◆ Work task ◆
Below this line are records; write out exactly the lines from the one containing "In de bedrijfsautomarkt" through the one containing "They further focused", with the pictures left out.

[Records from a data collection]
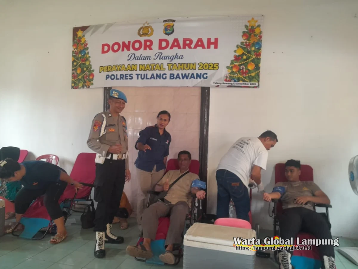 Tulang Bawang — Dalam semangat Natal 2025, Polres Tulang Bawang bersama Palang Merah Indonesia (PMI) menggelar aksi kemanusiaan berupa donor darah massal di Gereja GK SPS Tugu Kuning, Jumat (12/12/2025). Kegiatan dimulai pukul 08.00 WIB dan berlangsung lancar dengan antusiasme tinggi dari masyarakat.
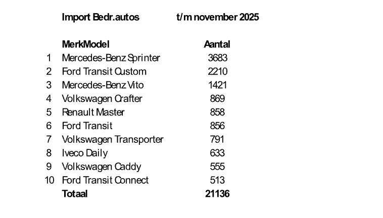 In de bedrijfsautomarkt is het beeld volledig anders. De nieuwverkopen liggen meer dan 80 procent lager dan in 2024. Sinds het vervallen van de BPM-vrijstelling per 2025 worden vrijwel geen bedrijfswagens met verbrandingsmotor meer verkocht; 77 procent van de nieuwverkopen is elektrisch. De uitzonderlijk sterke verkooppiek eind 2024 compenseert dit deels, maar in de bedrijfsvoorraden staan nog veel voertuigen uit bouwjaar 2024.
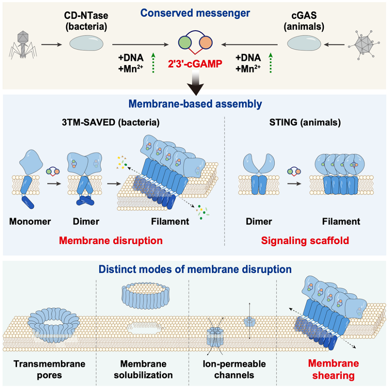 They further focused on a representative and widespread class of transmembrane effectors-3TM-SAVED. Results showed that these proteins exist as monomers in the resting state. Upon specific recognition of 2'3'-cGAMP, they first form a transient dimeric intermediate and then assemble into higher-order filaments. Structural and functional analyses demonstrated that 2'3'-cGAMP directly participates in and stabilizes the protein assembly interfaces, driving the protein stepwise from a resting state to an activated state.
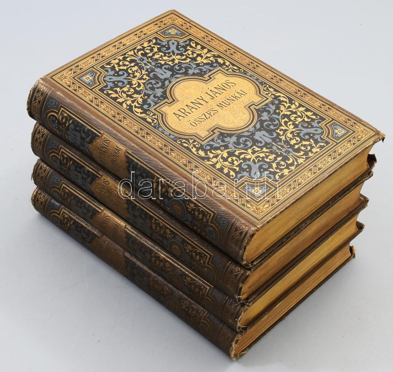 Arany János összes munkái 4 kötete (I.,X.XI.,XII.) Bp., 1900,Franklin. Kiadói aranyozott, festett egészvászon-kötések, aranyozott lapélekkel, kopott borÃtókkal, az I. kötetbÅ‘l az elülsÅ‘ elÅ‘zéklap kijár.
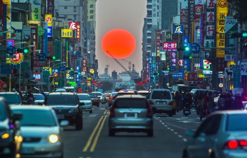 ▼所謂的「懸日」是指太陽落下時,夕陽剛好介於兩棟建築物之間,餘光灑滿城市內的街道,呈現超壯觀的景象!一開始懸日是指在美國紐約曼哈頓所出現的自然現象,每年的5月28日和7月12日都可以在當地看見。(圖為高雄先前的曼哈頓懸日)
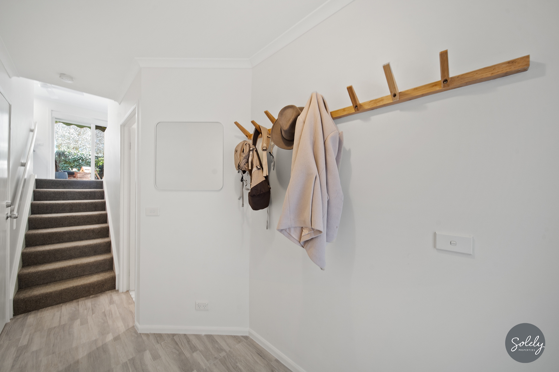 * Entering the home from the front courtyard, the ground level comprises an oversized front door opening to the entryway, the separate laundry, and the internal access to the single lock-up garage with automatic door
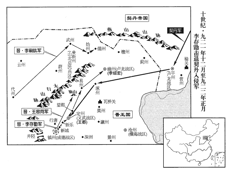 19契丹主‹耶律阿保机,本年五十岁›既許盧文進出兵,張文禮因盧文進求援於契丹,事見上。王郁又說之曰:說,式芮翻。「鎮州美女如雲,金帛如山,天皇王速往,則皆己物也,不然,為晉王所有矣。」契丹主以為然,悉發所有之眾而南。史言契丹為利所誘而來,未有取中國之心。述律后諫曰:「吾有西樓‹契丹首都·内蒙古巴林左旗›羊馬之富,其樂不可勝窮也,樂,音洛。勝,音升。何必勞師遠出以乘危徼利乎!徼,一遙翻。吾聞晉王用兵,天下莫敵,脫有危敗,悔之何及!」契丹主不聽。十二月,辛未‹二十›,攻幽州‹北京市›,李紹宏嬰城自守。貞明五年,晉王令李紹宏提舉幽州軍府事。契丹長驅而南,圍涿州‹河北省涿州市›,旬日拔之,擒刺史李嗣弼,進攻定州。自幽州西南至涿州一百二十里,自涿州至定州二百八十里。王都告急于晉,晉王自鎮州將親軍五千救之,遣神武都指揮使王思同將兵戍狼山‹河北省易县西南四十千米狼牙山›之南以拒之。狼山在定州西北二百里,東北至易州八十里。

◆ Problem solution ◆
 In de bedrijfsautomarkt is het beeld volledig anders. De nieuwverkopen liggen meer dan 80 procent lager dan in 2024. Sinds het vervallen van de BPM-vrijstelling per 2025 worden vrijwel geen bedrijfswagens met verbrandingsmotor meer verkocht; 77 procent van de nieuwverkopen is elektrisch. De uitzonderlijk sterke verkooppiek eind 2024 compenseert dit deels, maar in de bedrijfsvoorraden staan nog veel voertuigen uit bouwjaar 2024.
 They further focused on a representative and widespread class of transmembrane effectors-3TM-SAVED. Results showed that these proteins exist as monomers in the resting state. Upon specific recognition of 2'3'-cGAMP, they first form a transient dimeric intermediate and then assemble into higher-order filaments. Structural and functional analyses demonstrated that 2'3'-cGAMP directly participates in and stabilizes the protein assembly interfaces, driving the protein stepwise from a resting state to an activated state.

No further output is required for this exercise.